1.cut command
cut default separator is a tab command, which is "tab" key
1.1 Command Format
cut [选项] 文件名
-f 列号: 提取第几列
-d 分隔符: 按照指定分隔符分割列
-c 字符范围: 不依赖分隔符来区分列,而是通过字符范围(行首为 0)来进行字段 提取。“n-”表示从第 n 个字符到行尾;“n-m”从第 n 个字符到第 m 个字符;“-m”表示从第 1 个字符到第 m 个字符。
1.2 Example command
数据
vi student.txt
ID Name gender Mark
1 Liming M 86
2 Sc M 90
3 Tg M 83
cut -f 2 student.txt 截取第二列
grep -v 'Name' student.txt|cut -f 2 student.txt 去掉列头展示第二列
cut -f 2,3 student.txt 截取第2,3列
cut -d ':' -f 1,2,3 /etc/passwd 使用:分割/etc/passwd每行,并截取1,2,3列
2.awk command
2.1printf formatted output
printf ‘输出类型输出格式’ 输出内容 输出类型:
%ns: 输出字符串。
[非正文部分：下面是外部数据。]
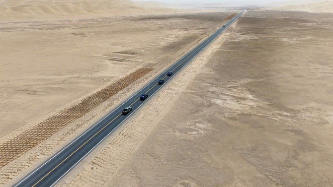 绵延几百公里的沙漠公路,沥青路高低起伏,对车辆的动力性能形成考验。而威麟R08搭载的2.3T涡轮增压发动机与8AT变速箱默契配合,最大扭矩可达420N·m,爬坡超车全不在话下。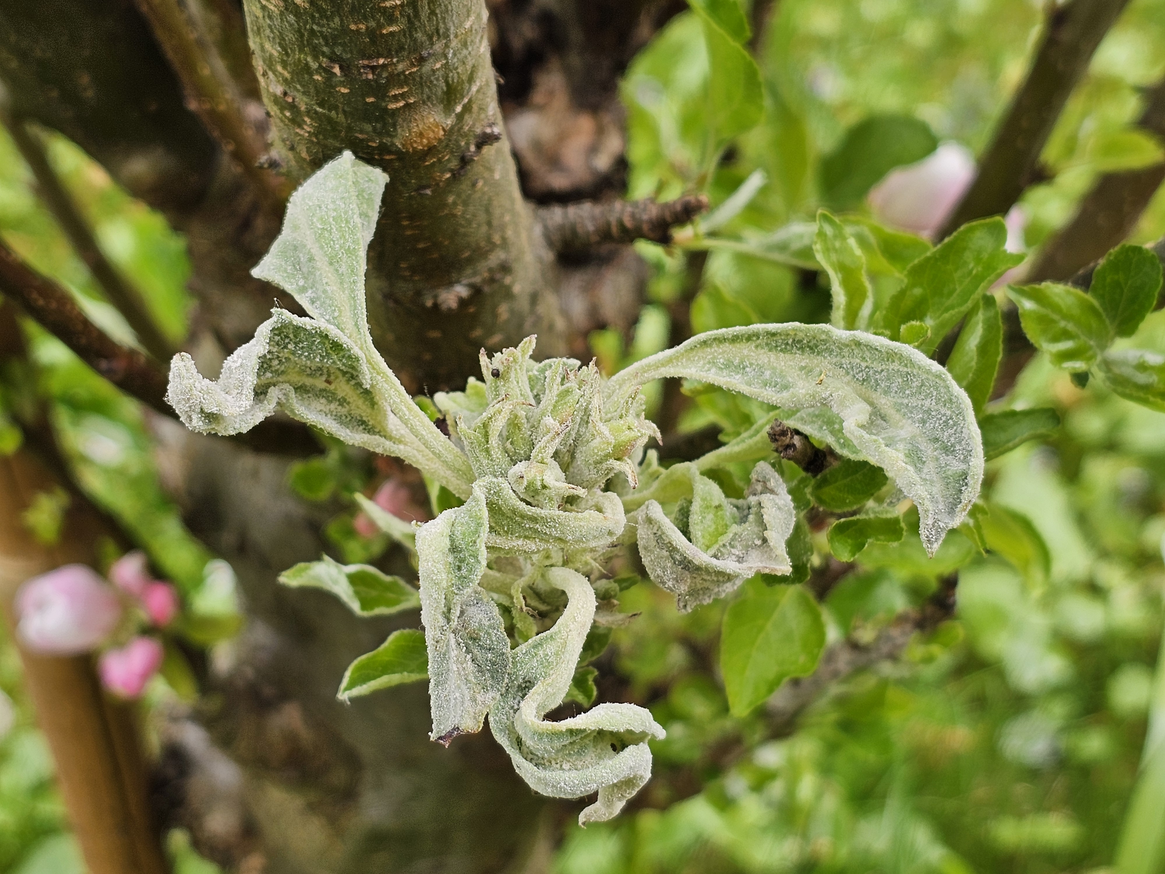 A lisztharmattal is számolnunk kell. A fertőzött rügyekből kipattant torz levelek felületéről, a fehér „lisztes” gombatelepekről máris szóródnak a terjedést biztosító spórák (a konídiumok). A piros bimbós állapotig a kontakt kéntartalmú gombaölők lehetnek a főszereplők. A perzselés elkerülése miatt fontos, hogy egységesen 1-5μ méretűek legyenek a kén szemcsék a gombaölőben. Sok készítmény megfelel ennek a követelménynek: pl. a Thiovit Jet, a Microthiol Special, a Kumulus S, a Flosul, stb. Ez a permetezés is időszerű lett a lisztharmatra érzékeny almafajtákon. Ne engedjük be a lisztharmatot a levelekre, mert azokról terjednek át a gyümölcsökre!

n 是数字指代输出几个字符
%ni: 输出整数。n 是数字指代输出几个数字
%m.nf: 输出浮点数。m 和 n 是数字,指代输出的整数位数和小数位数。如%8.2f
代表共输出 8 位数,其中 2 位是小数,6 位是整数。
输出格式:
\a: 输出警告声音
\b: 输出退格键,也就是 Backspace 键
\f: 清除屏幕
\n: 换行
\r: 回车,也就是 Enter 键
\t: 水平输出退格键,也就是 Tab 键
\v: 垂直输出退格键,也就是 Tab 键
2.2 demo data
vi student.txt
ID Name PHP Linux MySQL Average
1 Liming 82 95 86 87.66
2 Sc 74 96 87 85.66
3 Tg 99 83 93 91.66
printf '%s' $(cat student.txt) 格式混乱
printf '%s\t %s\t %s\t %s\t %s\t %s\t \n' $(cat student.txt) 按照指定格式输出
printf '%i\t %s\t %i\t %i\t %i\t %8.2f\t \n' \
$(cat student.txt | grep -v Name) 将字段转换为指定类型
2.3awk command format
awk '{action 1 Condition 1 Condition 2} {2} ... operation' file name
awk '{printf $2 "\t" $6 "\n"}' student.txt 输出第二列和第6列
2.4awk conditions
Type of condition |
condition |
|
Description |
awk reserved words |
BEGIN |
When awk program start, executed before any data has not been read. After BEGIN The action is executed only once at the beginning of the program |
|
|
END |
In awk has processed all the data, execution is about to end. After the action END Only once at the end of the program |
|
|
> < >= |
more than the Less than greater or equal to |
|
|
<= |
Less than or equal |
|
Relational Operators |
== |
equal. For determining whether the two values are equal, if it is assigned to a variable, use "=" No. |
|
|
!= |
not equal to |
|
|
A~B |
A string is determined whether to include the substring matches B expression |
|
|
A!~B |
A determination whether the string does not contain substring matches B expression |
|
Regular Expressions |
/ Regular / |
If the "//" characters can be written, it can also support regular expressions |
awk implementation process
1) If there are conditions BEGIN, the first operation performed BEGIN defined
2) If there is no BEGIN conditions is read into the first row, the first row of data sequentially assigned to $ 0, $ 1, $ 2 variables. Where $ 0
Data representative of the entire trip, $ 1 represents the first field, $ 2 represents the second field.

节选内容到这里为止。